Dyspeptalk #6.

“Before we greet the summer where we’ll have forgotten each other’s names and I wouldn’t remember how your wet hair smelt on a stormy day and you wouldn’t care how long a road I had to walk to see you smile, I want you to know that loving you wasn’t as bad as everyone told me it’d be.

I want you to know that we fell in love with each other head first, and that it probably broke both of our hearts, but I’d do it a thousand times over, and get hurt as many times as you could.

We would never have lasted.
And now I’m jealous of every couple who order cakes for their anniversary when I’m eating sugar puffs because they remind me of you.

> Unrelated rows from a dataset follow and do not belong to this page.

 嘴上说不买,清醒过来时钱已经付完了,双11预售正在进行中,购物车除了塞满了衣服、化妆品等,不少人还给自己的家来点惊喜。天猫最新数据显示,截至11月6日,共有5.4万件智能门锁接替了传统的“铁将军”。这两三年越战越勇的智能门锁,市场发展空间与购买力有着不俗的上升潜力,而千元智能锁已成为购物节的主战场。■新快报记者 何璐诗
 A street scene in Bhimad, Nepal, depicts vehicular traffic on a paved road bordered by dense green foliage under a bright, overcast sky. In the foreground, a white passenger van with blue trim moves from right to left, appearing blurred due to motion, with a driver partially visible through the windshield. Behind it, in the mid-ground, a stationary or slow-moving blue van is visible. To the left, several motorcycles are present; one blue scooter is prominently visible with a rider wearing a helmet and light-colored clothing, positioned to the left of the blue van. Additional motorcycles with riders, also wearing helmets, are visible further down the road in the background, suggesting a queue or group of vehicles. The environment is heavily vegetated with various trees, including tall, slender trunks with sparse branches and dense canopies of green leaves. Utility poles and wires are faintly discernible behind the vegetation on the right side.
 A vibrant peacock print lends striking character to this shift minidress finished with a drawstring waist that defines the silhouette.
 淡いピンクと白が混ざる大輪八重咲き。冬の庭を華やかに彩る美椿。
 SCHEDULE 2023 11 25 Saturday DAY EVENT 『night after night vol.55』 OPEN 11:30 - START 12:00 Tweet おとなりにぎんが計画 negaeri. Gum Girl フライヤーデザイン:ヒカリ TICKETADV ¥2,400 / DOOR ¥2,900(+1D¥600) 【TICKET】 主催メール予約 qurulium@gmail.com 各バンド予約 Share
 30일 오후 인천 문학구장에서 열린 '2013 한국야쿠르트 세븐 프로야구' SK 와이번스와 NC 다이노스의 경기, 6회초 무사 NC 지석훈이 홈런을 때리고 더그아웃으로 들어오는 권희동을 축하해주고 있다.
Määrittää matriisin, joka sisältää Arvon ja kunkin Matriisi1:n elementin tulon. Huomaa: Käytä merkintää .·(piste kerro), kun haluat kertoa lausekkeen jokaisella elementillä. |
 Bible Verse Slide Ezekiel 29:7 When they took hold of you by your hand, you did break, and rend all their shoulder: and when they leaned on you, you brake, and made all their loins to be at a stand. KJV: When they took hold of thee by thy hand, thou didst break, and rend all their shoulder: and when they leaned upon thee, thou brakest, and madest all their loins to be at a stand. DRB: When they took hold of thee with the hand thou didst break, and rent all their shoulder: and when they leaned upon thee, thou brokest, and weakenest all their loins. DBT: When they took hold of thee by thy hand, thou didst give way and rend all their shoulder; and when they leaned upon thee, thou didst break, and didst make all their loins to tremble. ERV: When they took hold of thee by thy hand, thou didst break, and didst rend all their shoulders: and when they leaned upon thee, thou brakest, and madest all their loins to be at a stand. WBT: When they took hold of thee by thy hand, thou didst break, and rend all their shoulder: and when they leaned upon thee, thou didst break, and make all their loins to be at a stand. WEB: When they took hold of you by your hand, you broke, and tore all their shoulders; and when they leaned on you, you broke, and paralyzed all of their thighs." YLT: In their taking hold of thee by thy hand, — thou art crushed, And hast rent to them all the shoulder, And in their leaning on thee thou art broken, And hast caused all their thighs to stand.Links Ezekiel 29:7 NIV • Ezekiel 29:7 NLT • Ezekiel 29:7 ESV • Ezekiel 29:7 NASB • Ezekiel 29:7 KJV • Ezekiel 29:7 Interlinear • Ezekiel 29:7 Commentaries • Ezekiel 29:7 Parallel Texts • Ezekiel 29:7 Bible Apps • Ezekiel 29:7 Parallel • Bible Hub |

I cried when you weren’t looking and didn’t talk when I was sad, and you didn’t look at me when you were angry and danced when it rained.

And for that moment when I had my head against the bed sheet that was still warm from your touch and the sunlight from your window streamed against my thoughts, I could hear you pissing in the toilet and I knew I’d always love you the same way.

When we will be strangers all over again and we’ll instinctively avoid running into each other because some meeting are best when they never happen, I’d still miss your family, and I know you’d miss not knowing about mine.

There will be times when I’ll be too broken and you’ll be too drunk, and we’ll think for that second how much we need each other again, but some fires burn your body out from your head.

Before the last ice cream you scooped up melts and I get caught in a storm that rips apart my umbrella, I want you to know I’m not looking for a love that’ll make me less empathetic about myself.

I want you to know, I don’t want to fall in love because I’m lonely.